Here, we report the development of a systems approach to defining expertise, using a Bayesian network model and a supra-Bayesian method for its quantification. For concreteness, we focus on the particular problem of assessing levels of expertise in estimating species richness, in this case, the global species richness of multicellular organisms on coral reefs and based on the conceptual model presented by O'Leary et al. (2011). Estimating the number of species either globally or by habitat is a significant problem in ecology, conservation, and resource management (e.g., Mora et al. 2011; Appeltans et al. 2012; Costello et al. 2013; Hamilton et al. 2013). Without adequate, baseline knowledge of the sizes of these species pools, it is impossible to know if species are being lost, or remedial action taken to conserve and manage them is being effective. Despite many attempts over the past decades to estimate total species richness at these large spatial scales, no agreement among these estimates has yet been forthcoming (Caley et al. unpublished, cf. Costello et al. 2013). This lack of convergence is perhaps not surprising, given that for many taxa, the taxonomy is very incomplete.
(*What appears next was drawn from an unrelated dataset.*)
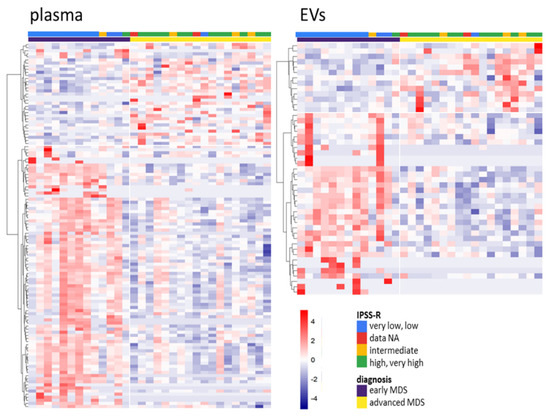 To obtain a better insight into changes of molecular profiles specific for MDS in comparison with healthy controls, we focused on the levels of individual miRNAs and observed that the majority of them were increased in both plasma and EVs of MDS patients. Among these, we found many miRNAs whose intracellular deregulation has already been associated with various hematopoietic disorders, including MDS, such as miR-34a, miR-125a, miR-99b, miR-10a, miR-221, miR-222, miR-223, miR-29a, and miR-150 [44,45]. Although the physiological roles of circulating miRNAs and the impact of their deregulation are still unclear, there is convincing evidence of their intracellular regulatory functions in hematopoiesis and its pathogenesis.

Given the large numbers of species compared with the number of professional taxonomists, discovering, describing, and naming species, decades to centuries will be required to complete the task at current rates of description and depending on how many species actually inhabit Earth (Costello et al. 2013). As a consequence of the existence of this large number of unknown species, estimates of total species richness must rely on some form of statistical extrapolation, often from species discovery curves. Such extrapolation, though, is likely to be compromised for species discovery curves where sampling effort and success of individual collectors (Bebber et al. 2012) varies through time, and by the curvature of such relationships (Bebber et al. 2007). Unless a large proportion of a species pool has been discovered, estimates from extrapolation along such curves will likely be highly uncertain (Bebber et al. 2007).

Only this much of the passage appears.